“我没有解药。”沈卿尘说着话起了身,“若你还有想说的便说,若是没有,我可就走了。”
腹中剧痛愈发明显,以至于他全身无力,林炀惊恐瞪大双眸,他原本以为她单独留下来是想从自己口中问出些什么,没曾想她竟什么都不问。
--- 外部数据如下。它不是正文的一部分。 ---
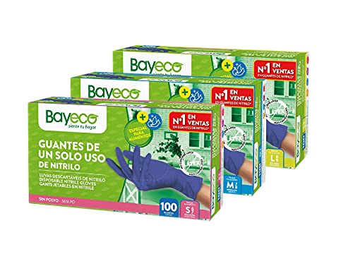 Bayeco - Guanti Monouso in Nitrile - Colore Blu - Ambidestri - Finitura Bordo Arrotolato - Dita Testurizzate per Una Presa Migliore - Confezione da 100 Pezzi - Taglia L

见她就要走,他立刻便慌了:“若我说了,你、你可否给我解药?”
“我说过了,没有解药,你呢愿意说就说,不愿意说,那便带去坟墓吧,我自会查到。”
“你等等,你既什么都不问我,又为何要单独留下?”
“这般明显你还看不出?你丧心病狂、残害无辜,侮辱女人还不知悔改,如你这般的人便是死上千次万次都不足惜,可死多容易,活着且失去你最珍视的东西才更痛苦。”
“你、你就不怕我去圣上面前告发你?”
“尽管去,若你之罪昭告天下,你觉得别人会信你还是信我?”
“你……我要杀了你。”林炀伸手去拽沈卿尘衣裙,她只稍稍挪开几步,林炀便一头栽倒在地。
沈卿尘微微弯腰看着他:“杀了我,更没解药。”
说完,她再不愿听他废话,径直开门出去。
房门刚在身后关上,屋里忽然传出一声痛苦的嚎叫,就如待宰的牲畜,绝望的嘶吼。